* Items listed in a dataset:

◆ ◆ ◆ ◆

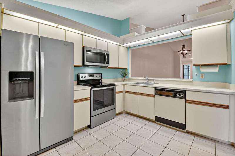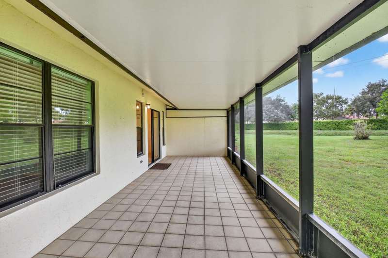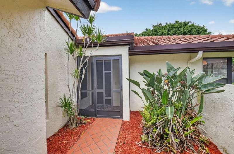 BEST VALUE IN PALM CHASE! Discover this spacious villa offering two bedrooms plus a versatile bonus room, a 290 sq. ft. sunroom, and a one-car garage. Perfectly positioned on a quiet cul-de-sac, this home enjoys exceptional privacy within Palm Chase, a gated HOPA community. A charming private courtyard welcomes guests, while inside, a skylight brightens the kitchen with natural light. Vaulted ceilings in the living and dining areas create an airy, open feel--making the villa live like a single-family home. The sought-after split bedroom floor plan, interior laundry room, and oversized sunroom overlooking peaceful green space add to the appeal. The garage conveniently opens directly to the kitchen, and the driveway accommodates two cars with additional guest parking nearby. At Palm Chase,
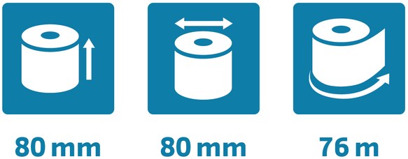 Afmetingen van de rol: breedte 80mm, diameter 80mm, lengte (+/- 2m) 76m.
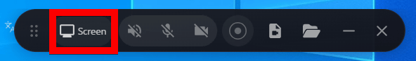 Open Screenはオーバーレイツールバーとしてデスクトップ上に表示されます。「Screen」をクリック。
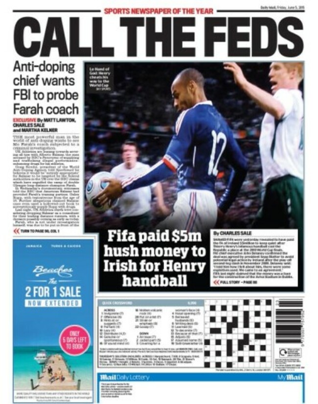 In yet another day of FIFA revelations, FAI chief executive John Delaney revealed during an interview with RTÉ Radio yesterday that the organisation had received payment related to the handball by Thierry Henry, which cost Ireland a place in the 2010 World Cup. This admission came just days after FIFA president Sepp Blatter was forced to resign amid a corruption scandal.
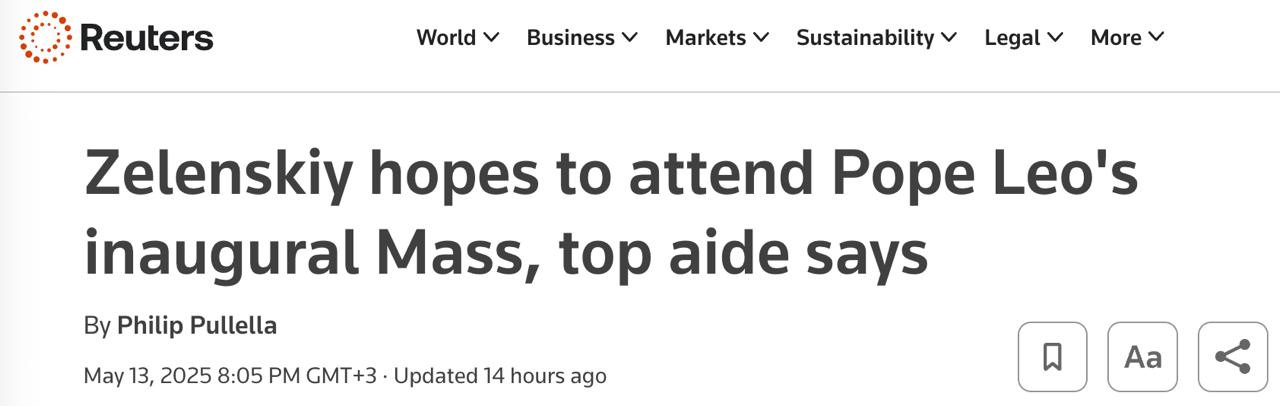 Владимир Зеленский планирует посетить инаугурационную мессу новоизбранного папы римского Льва XIV в Ватикане в воскресенье, 18 мая, и пообщаться в кулуарах с мировыми лидерами.
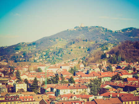 Vintage looking City of Turin (Torino) skyline panorama seen from the hill
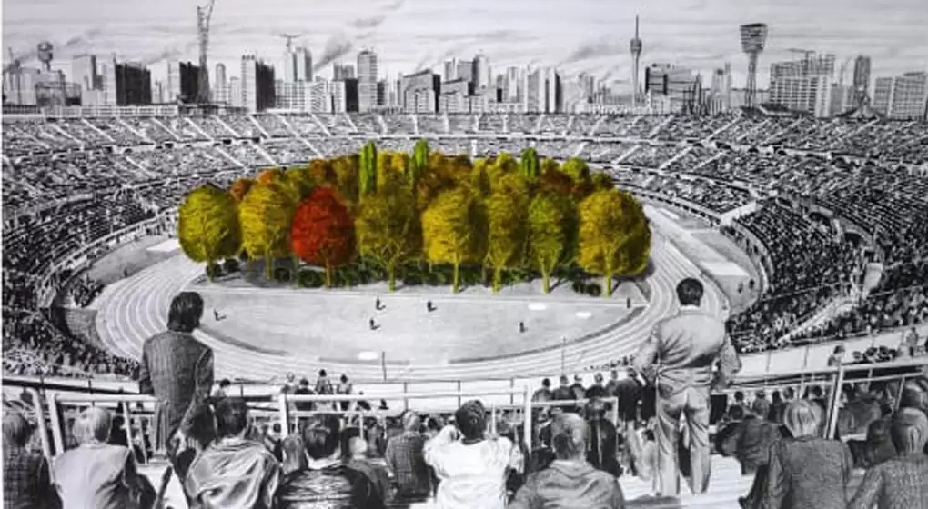 Convirtiendo en realidad una vieja ilustración del artista y arquitecto austríaco Max Peintner hace más de 30 años, Littmann plantó un bosque literalmente, en el campo de juego del estadio Wörthersee en Klagenfurt como un llamado de atención sobre el cambio climático y la deforestación en el mundo.
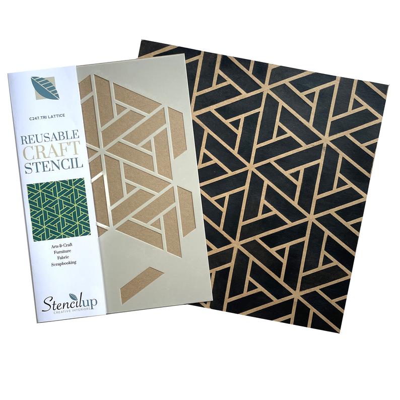 TRI LATTICE furniture stencil for painting, oriental pattern. Reusable painting stencil geometric design in a Japanese pattern. Ideal for furniture painting too create a seamless repeating pattern.
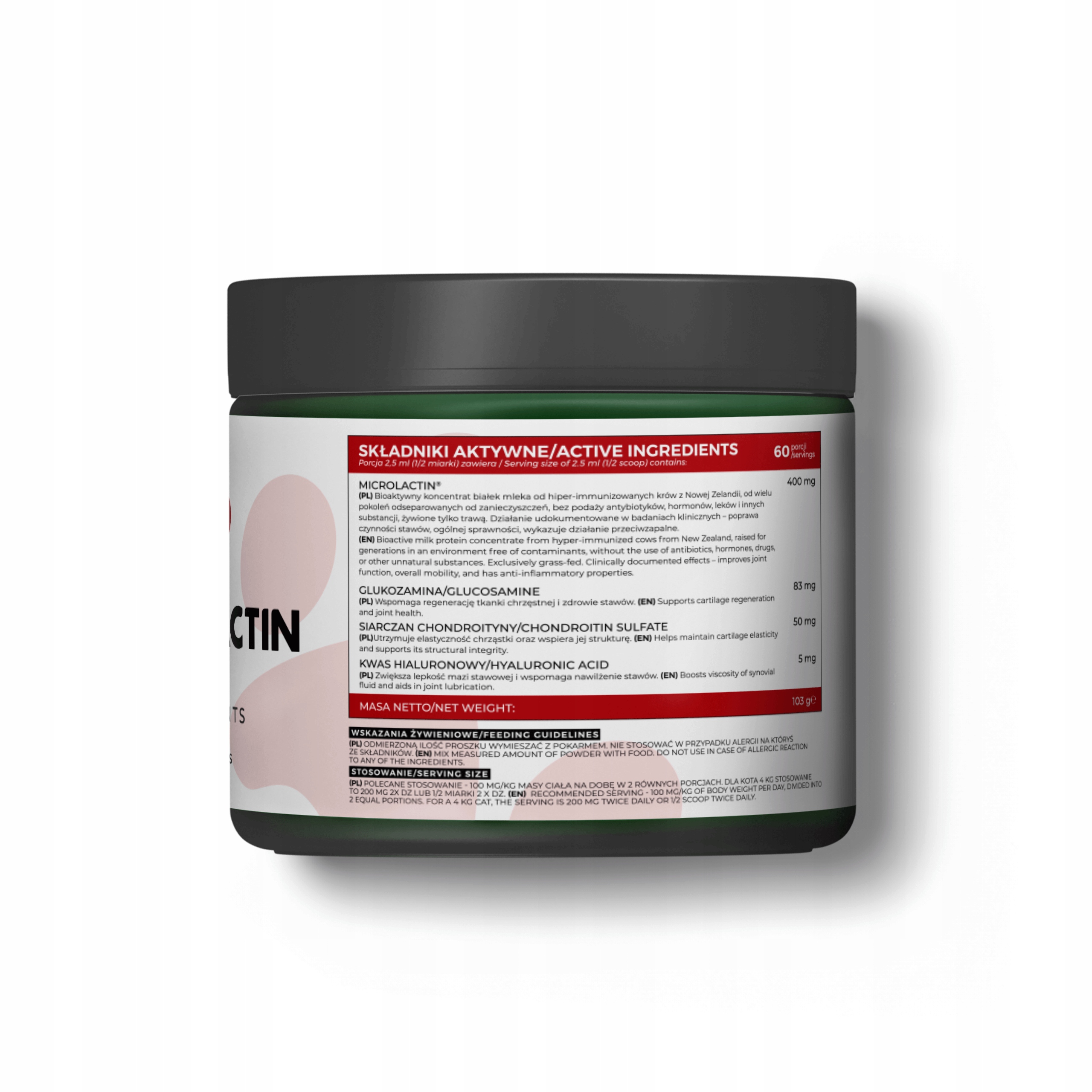 ANIMALACTIN Forte to innowacyjny suplement, stworzony z myślą o kotach, które często ukrywają ból i problemy ze stawami. Dzięki podwójnemu mechanizmowi działania, łączy moc MicroLactin® z dodatkowymi składnikami: kwasem hialuronowym, glukozaminą i siarczanem chondroityny. Takie połączenie skutecznie wspiera regenerację i ochronę stawów, zapewniając Twojemu kotu pełną swobodę ruchu.
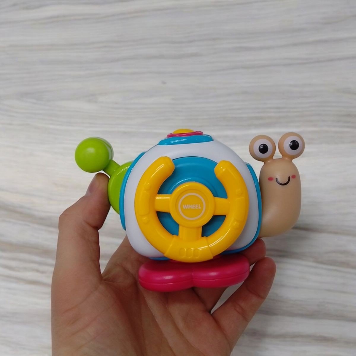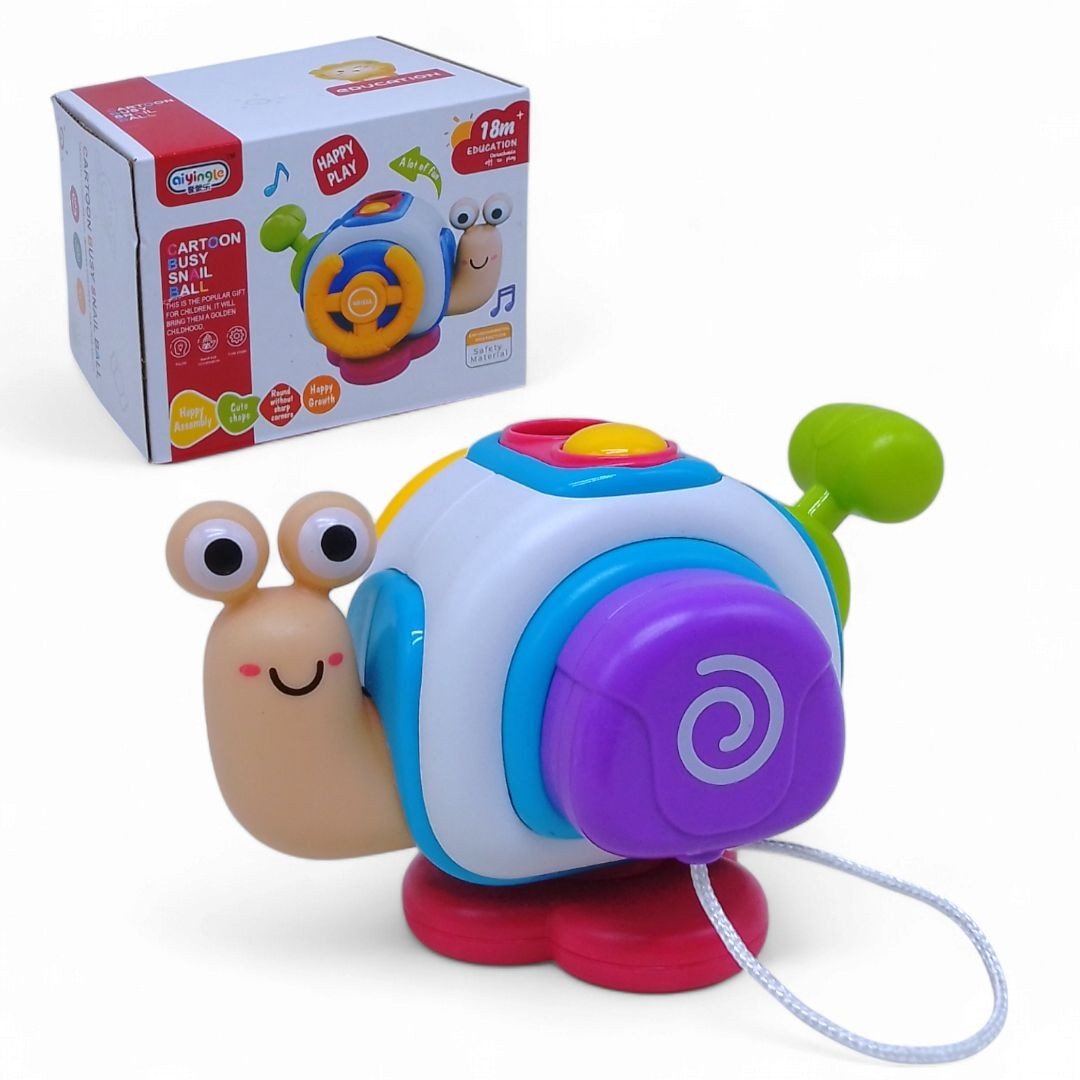 Цей яскравий і функціональний равлик обʼєднує безліч цікавих елементів, які допомагають розвивати дрібну моторику, тактильні відчуття та фантазію:
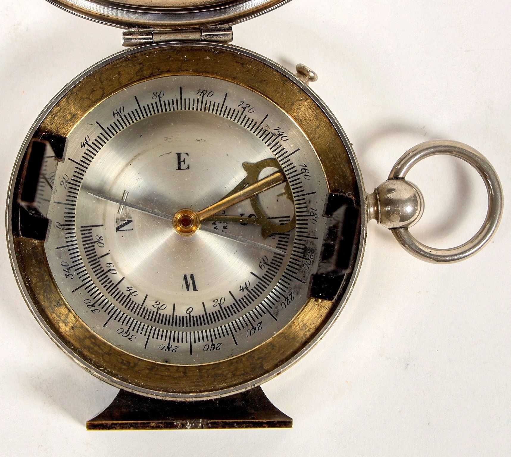 This is a French made pocket/mantel compass with bearing arms and inclinometer. At 2.5 in. in diameter with a mantel pedestal. The card is on two levels and a needle lock. No makers mark. Beautifully made in good working condition. From the Popovich collection. Please see photos for details.

◆ ◆ ◆ ◆

* Work instruction: Only one thing is wanted here, an exact copy of the lines from the first line above through the line containing "Convirtiendo en realidad", minus any picture.

* Answer area:
 BEST VALUE IN PALM CHASE! Discover this spacious villa offering two bedrooms plus a versatile bonus room, a 290 sq. ft. sunroom, and a one-car garage. Perfectly positioned on a quiet cul-de-sac, this home enjoys exceptional privacy within Palm Chase, a gated HOPA community. A charming private courtyard welcomes guests, while inside, a skylight brightens the kitchen with natural light. Vaulted ceilings in the living and dining areas create an airy, open feel--making the villa live like a single-family home. The sought-after split bedroom floor plan, interior laundry room, and oversized sunroom overlooking peaceful green space add to the appeal. The garage conveniently opens directly to the kitchen, and the driveway accommodates two cars with additional guest parking nearby. At Palm Chase,
 Afmetingen van de rol: breedte 80mm, diameter 80mm, lengte (+/- 2m) 76m.
 Open Screenはオーバーレイツールバーとしてデスクトップ上に表示されます。「Screen」をクリック。
 In yet another day of FIFA revelations, FAI chief executive John Delaney revealed during an interview with RTÉ Radio yesterday that the organisation had received payment related to the handball by Thierry Henry, which cost Ireland a place in the 2010 World Cup. This admission came just days after FIFA president Sepp Blatter was forced to resign amid a corruption scandal.
 Владимир Зеленский планирует посетить инаугурационную мессу новоизбранного папы римского Льва XIV в Ватикане в воскресенье, 18 мая, и пообщаться в кулуарах с мировыми лидерами.
 Vintage looking City of Turin (Torino) skyline panorama seen from the hill
 Convirtiendo en realidad una vieja ilustración del artista y arquitecto austríaco Max Peintner hace más de 30 años, Littmann plantó un bosque literalmente, en el campo de juego del estadio Wörthersee en Klagenfurt como un llamado de atención sobre el cambio climático y la deforestación en el mundo.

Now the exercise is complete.